Mehmet Talat Paşa (1872-1921), ayrıca Talat Bey olarak da bilinirdi, Ermeni Soykırımı’nın baş mimarıydı. Edirne (Adrianople) doğumlu Talat, genç yaşta bir telegrafçı olmuştu. Jön Türk hareketinde aktif olmakla birlikte, Sultan II. Abdülhamit’i tahtından indirmeyi hedefliyordu. İttahat ve Terakki Cemiyetine üye oldu ve hızla bu gizli örgütte liderliğe yükseldi. Sahip olduğu mesleği sayesinde döneminin iletişim ağlarına erişimi olduğundan ve Selanik Vilayeti Posta ve Telegraf İdaresi’nde başkatipliğe yükseldiğinden, Türk isyanının planlanma ağına yerleşti. 1908’deki Jön Türk isyanından sonra, Talat Osmanlı İmparatorluğu’nun en etkili politikacılarından biri haline geldi. 1909’da İçişleri Bakanlığı’na ve ardından Posta İdaresi Bakanlığı’na atandı. 1912’de, bir yıl sonra Osmanlı İmparatorluğu’ndaki bütün gücü ele geçiren, İttahat ve Terakki’nin Genel Sekreteri oldu. 1913’deki darbe Dahiliye Nazırı olan Talat, Harbiye Nazırı Enver ve Bahriye Nazırı Cemal ile birlikte sözde Jön-Türk Üç Paşalar İktidarı’nın yükselişini gördü.
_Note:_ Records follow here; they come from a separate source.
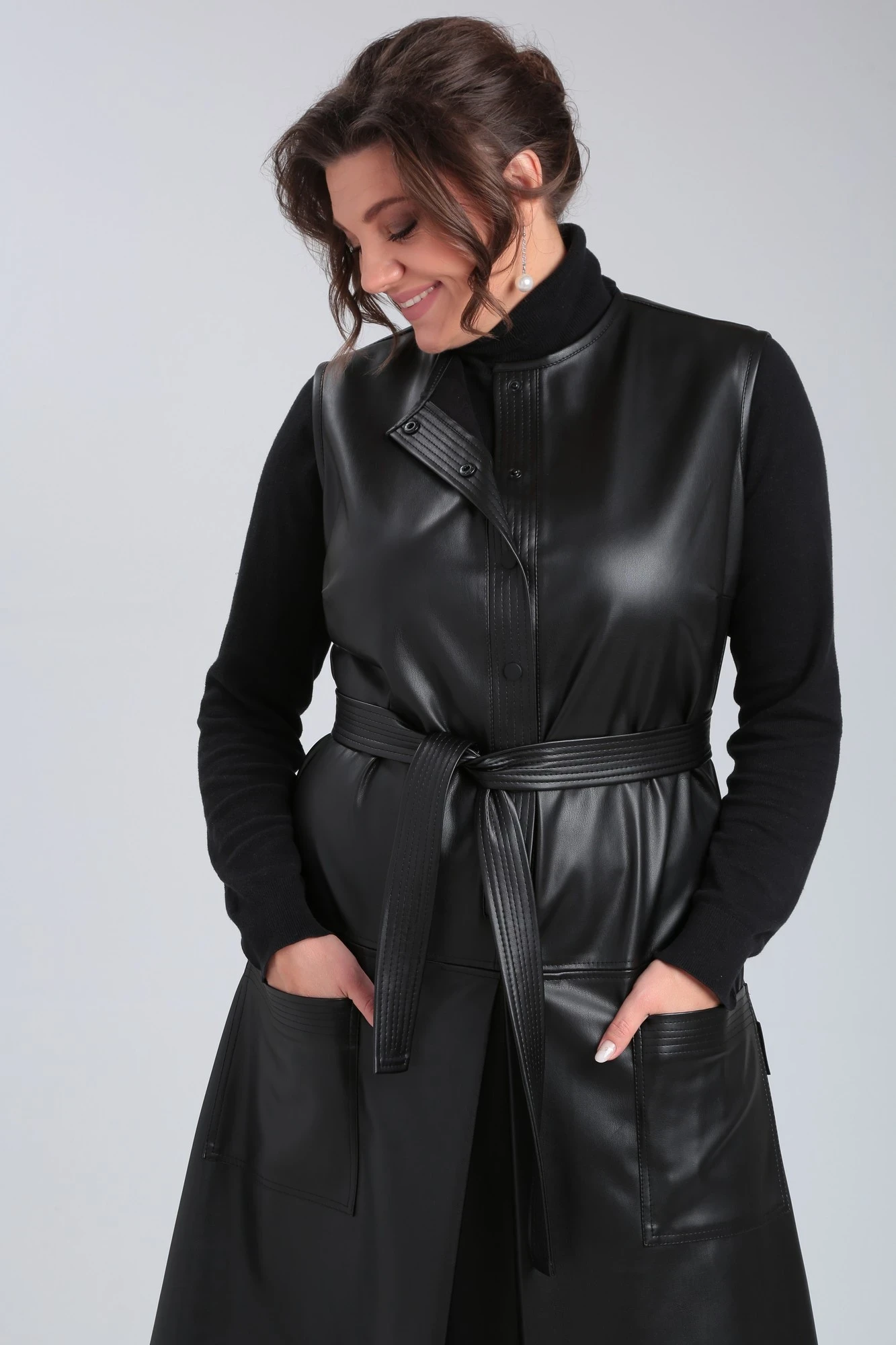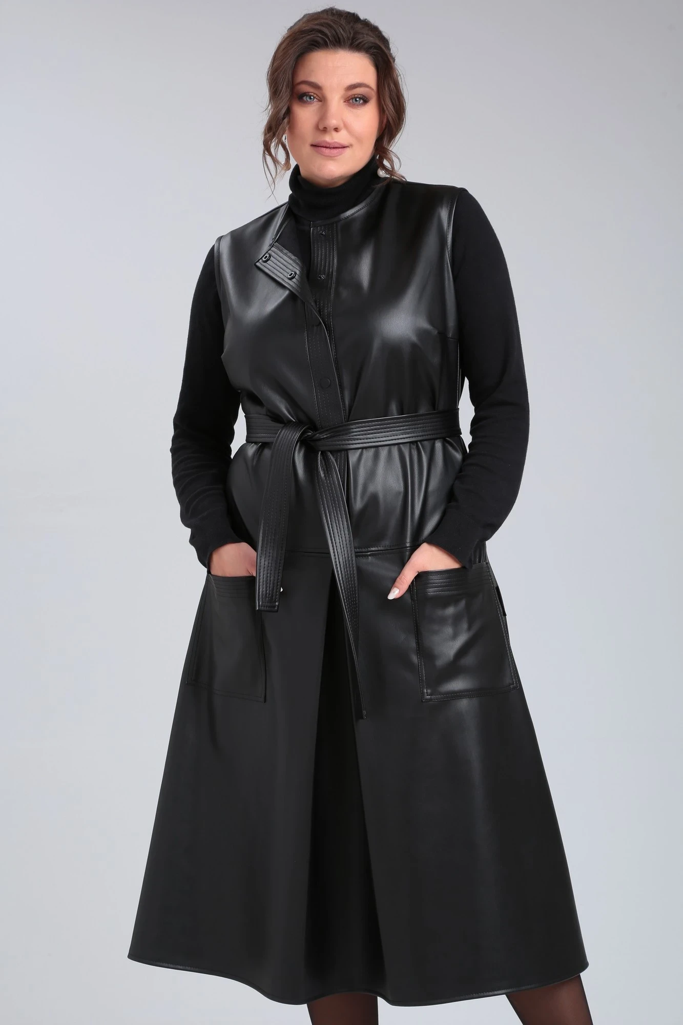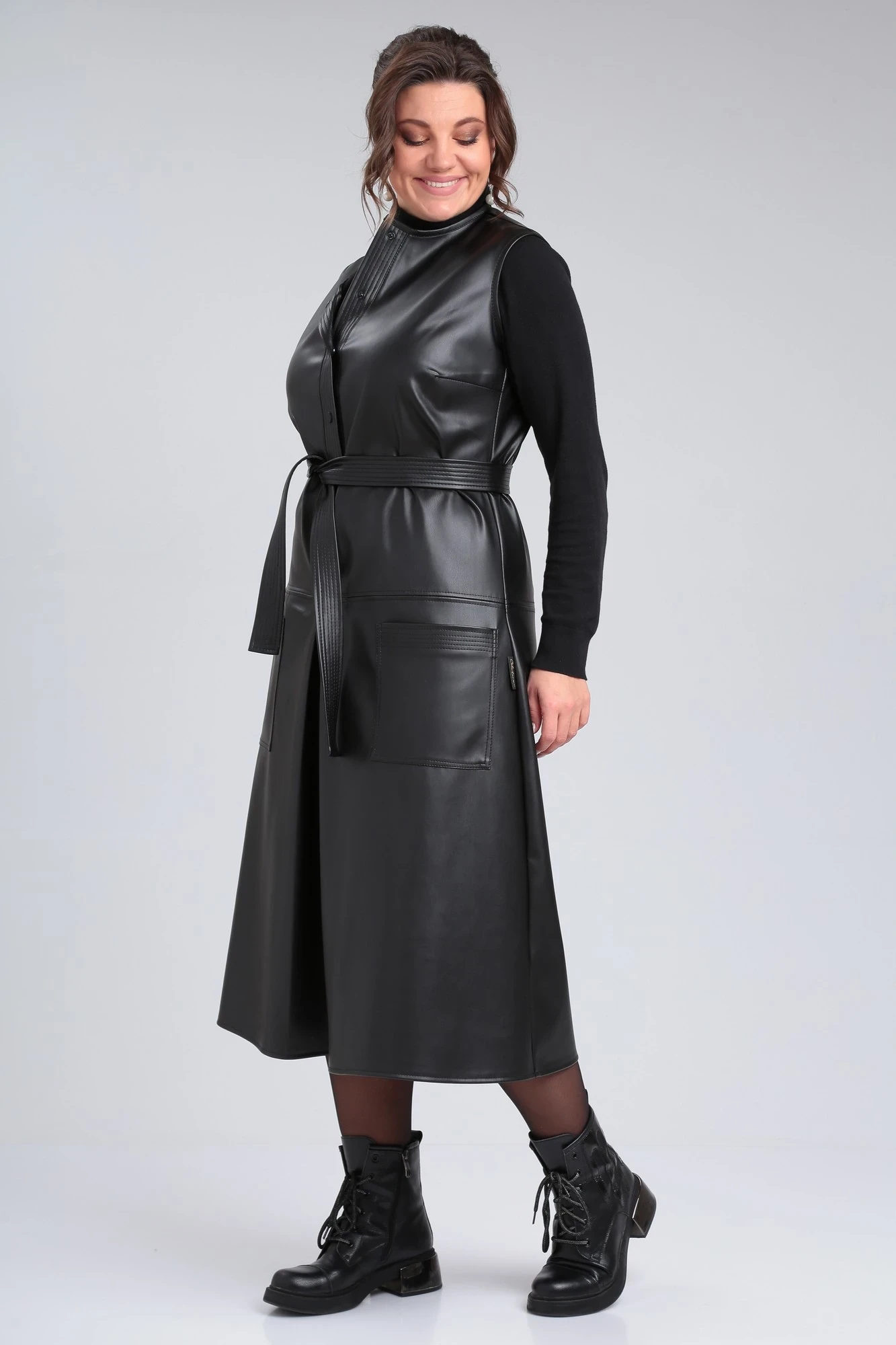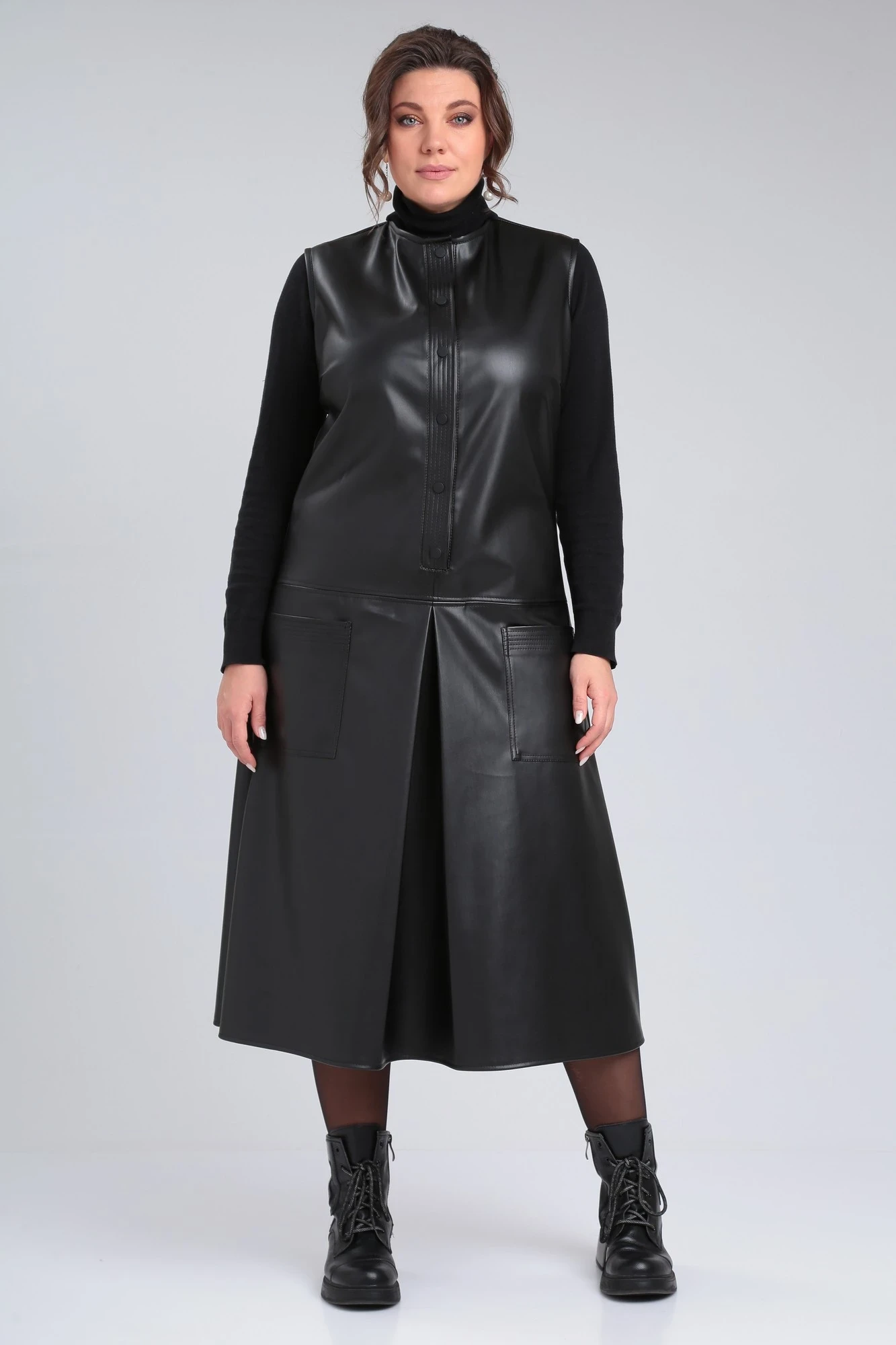 Сарафан без подкладки, выполнен из экокожи высокого качества, изнанка в ткани - замш. Ткань тянется. Кнопки на сарафане металлические.
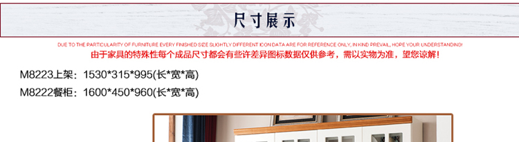 外围尺寸:M8222餐柜1600*450*960; M8223上架1530*315*995
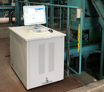 | 「評価パソコン」 荷受パソコンや搬送制御盤・荷替り表示器と連動して、荷口の搬送管理を行います。荷口の果実が画像処理装置を流れ終わった段階で評価データを取得し、ホッパースケールで計量した不良品・格外品重量を加味して評価データを作成記憶します。 |

Talat, Osmanlı İmparatorluğu’nun Türkleştirilmesinin en temel savunucularından biriydi. Dahiliye Nazırı olarak, Ermeni Soykırımı’nın planlanmasında ve uygulanmasında asıl sorumluluğu üstendi. Sürgünleri yürütmek için kendi otoritesine bağlı vilayetlerde yönetimdeki astlarını kullandı. Ermenilerin evlerini terk etmeleri için verilen 1915 emirleri onun imzasını taşıdı, aslen katliam emelleri taşıdığını ortaya koyan ardılındaki tehcir emirleirnde ismi olduğu gibi. Talat süreci bizzat yönetti ve telegraf makinesini kullanma kabiliyeti, emirleri almak ve yürütmek için özel olarak yetkilendirilen, direkt ve gizli iletişimlerle İttihat ve Terakki’deki diğer yandaşları üzerinden vilayet yönetimlerinde kendi hükumet politikalarını yürütme kapasitesini arttırdı. Bu operasyon metodu, merkez hükumetin mekanizmasını engelledi ve İttihat ve Terakki fanatiklerinin devleti kendi komplo emelleri için devirmesine izin verdi. Sistematik tasviyelerin uzak güzergahlara taşınması ile birlikte, bir kasabadan diğerine organize ve planlı yürütülen Ermeni tehciri tamamen beklenmedik bir şekilde yürütülmekle birlikte düşük bir bedele mal oldu ve mülkiyetlerin metodik bir şekilde yağmalanması Talat’ın hesaplı zulmünün kapasitesini gösterdi ve İttahat ve Terakki’de gücünü ve prestijini arttırdı.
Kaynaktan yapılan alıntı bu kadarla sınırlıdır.